Yeah, it's pretty dependent on your school and the major you pick. At my school, you have to take 2 years of a foreign language if you're going for a Bachelor of Arts, or up to a certain level of math if you're going for a B. of Science. You also have to take two specific writing classes, both of which ended up being a huge waste of time. For your general ed requirements, you have to take 4 social sciences, 4 arts and letters, and 4 science. You also have to take 2 or 3 multicultural classes of some sort. For the gen ed requirements though, there's a lot of wiggle room, and you have the ability to knock out two requirements from one class. Say if you took a Gender Studies class, that would apply towards your A&L requirement as well as the multicultural one. Oh, and you also have to take classes from 2 different departments for each of the three core gen ed requirements. For example, my science requirements were fulfilled with Bio 101 and 102 from my AP Biology class, and then I took an intro to Chem class through my local community college, and then an anthropology class on human sexuality.
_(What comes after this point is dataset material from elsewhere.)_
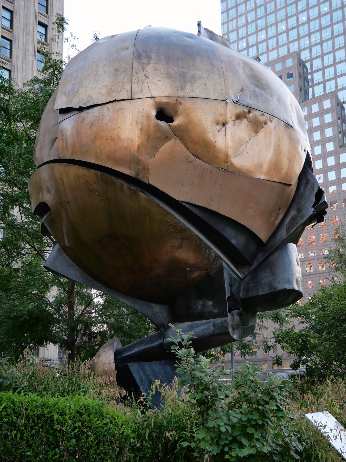Ze śladami zniszczeń jakich rzeźba zaznała podczas zamachu na World Trade Center... Ciekawy świadek historii.
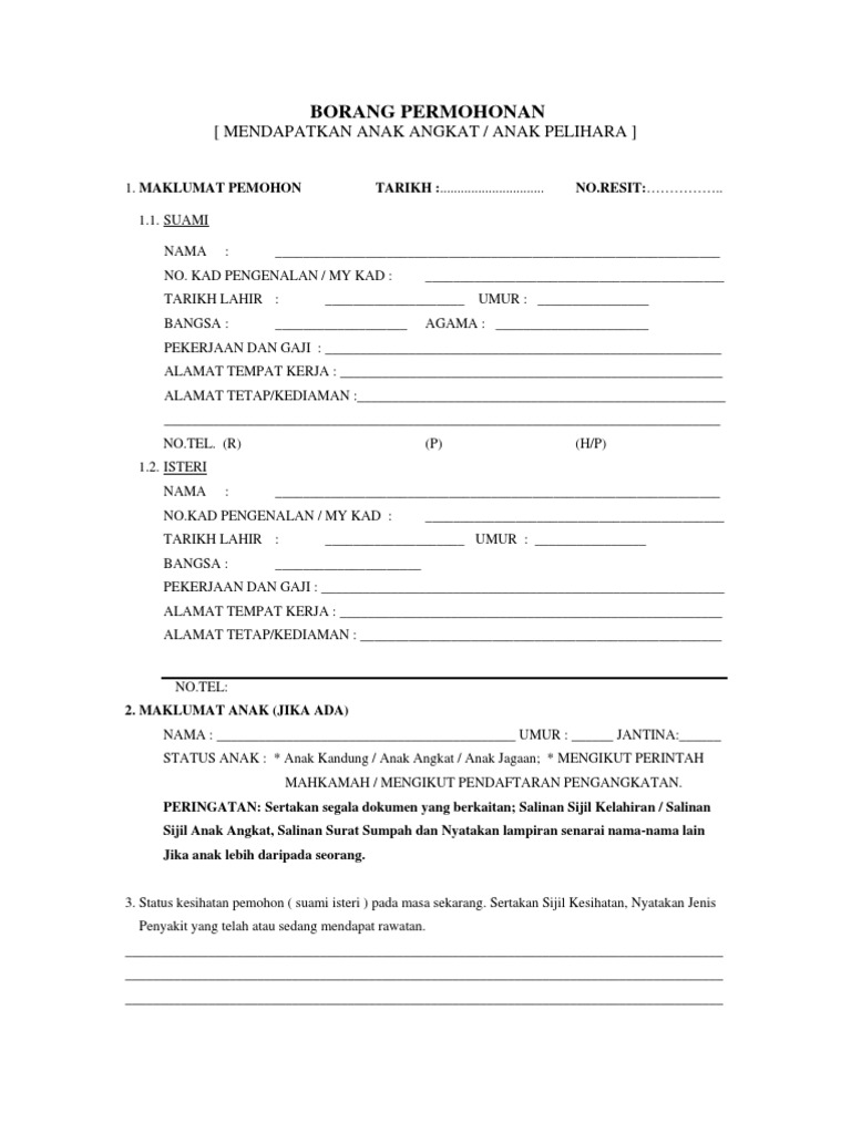 Borang Permohonan Ambil Anak Angkat Pdf

It counted as science because we had to go over genetics, which is part of biology.
Then for my English degree, there are three core lower division classes I have to take. Intro to the English major, which are ENG 220, 221, and 222. Then you have to take one Shakespeare class, another lower division English or Humanities class. For the upper division requirements, we have to take one theory class, one ethnic/women's lit class, and one class each from three different time periods: Pre 1500, 1501 to 1769, and 1769 to present. Then we have two upper division English electives, so for those we can take whatever the hell we want.
I can see the perks of only having to take the classes you need for your degree, but I also like the general ed requirement thing. It makes us more well rounded. That way you don't get business people who know nothing about history or literature or science. Or English people who know nothing of philosophy or science.